Она покорно стала собирать тарелки. А в них было полным-полно муравьев, но Лорне было не до них. От слез мутилось в глазах, но она пыталась держать себя в руках.
— Боюсь, что наш пикник совсем расстроился. И эти муравьи… — Она мучительно подыскивала нужное слово. — Все кон… — Она тяжело поднялась, пытаясь скрыть слезы, но они катились ручьем, а в горле стоял комок. Она машинально поставила тарелки на землю, медленно снова опустилась на колени и горько зарыдала, упершись руками в траву.
Йенс тут же опустился на колени, повернув ее к себе.
— Ну, Лорна, что с тобой? Не плачь, милая, не надо плакать… У меня сердце разрывается. Она прильнула к нему.
— О Господи Боже мой, Йенс, я люблю тебя.
Он закрыл глаза и промолчал. Прижавшись к его груди, Лорна рыдала, не в силах сдерживаться.
— Я так люблю тебя… больше всего на свете… только бы видеть тебя… быть с тобой… О, Йенс, что со мной?
Он не отвечал. Все, что произошло за эти дни, вело к этому моменту, поэтому слова уже не имели значения. Теперь они открылись друг другу и их связывало что-то очень большое.
— Я не перестаю думать о том, что этой весной я даже не подозревала о твоем существовании, а теперь ты значишь для меня больше всего в жизни.

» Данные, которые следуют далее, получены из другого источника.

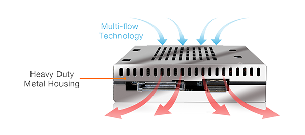 Wytrzymała, metalowa konstrukcja chroni dysk przed negatywnym wpływem środowiska zewnętrznego. Przemyślane rozmieszczenie otworów wentylacyjnych umożliwia pasywne odprowadzanie nadmiaru energii cieplnej z pracującego dysku zapewniając tym samym bezpieczną temperaturę pracy.
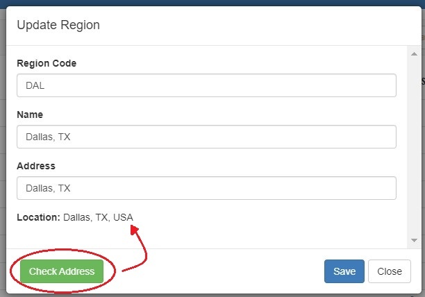 Valid addresses will show a check mark in the "Location Status" field, invalid/empty addresses (unable to be mapped) will show a yellow exclamation point. When adding or editing a region, click the "Check Address" button at the lower left of the modal to check the validity of an address.
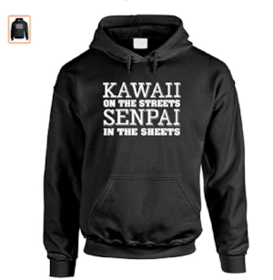 Being a part of the Otaku community means knowing some phrases that are used quite often! To show off these eclectic phrases, we found a fun hoodie that's great for guys and girls alike! Ranging from black all the way to cotton candy pink, this hoodie proudly displays the saying "Kawaii in the Streets, Senpai in the Sheets" as an Otaku twist on the original popular phrase. There's no denying you laughed a little, and we guarantee you it's the best gift to give your Otaku friends and family. Everyone loves hoodies, and everyone loves sayings that both show off their interests and make someone smile. What more can you ask for than a hoodie with a hilarious saying that everyone in the Otaku world can enjoy?!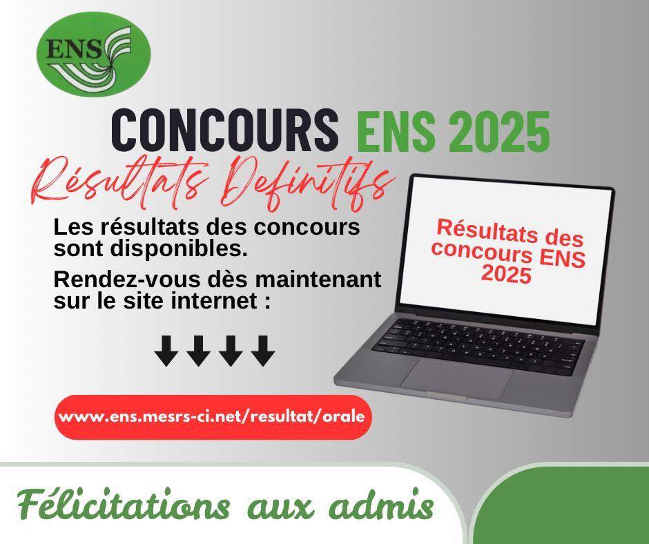 Les résultats définitifs des concours d’entrée directs à l’ENS session 2025 sont désormais disponibles en ligne.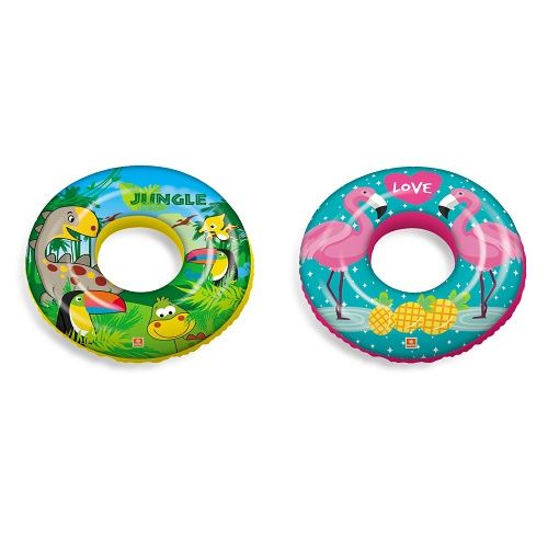 Nafukovací kruh do vody s motivem plameňák a džungle by ti v létě neměl chybět nejen na dovolené, ale ani na koupališti! Kruh o průměru 50 cm je vyroben z kvalitního PVC materiálu. Vyber si jednu z variant.

— Если мы прекратим все прямо сейчас…
— Нет! Не говори так! Как мы можем прекратить все отношения, когда все уже случилось? Когда я только и поняла, что такое жизнь, когда встретила тебя? Когда каждый день для меня начинается и кончается с мыслями о тебе? Когда я лежу ночью и думаю, что этажом выше лежишь ты, и мне хочется встать и пойти отыскать эту комнату.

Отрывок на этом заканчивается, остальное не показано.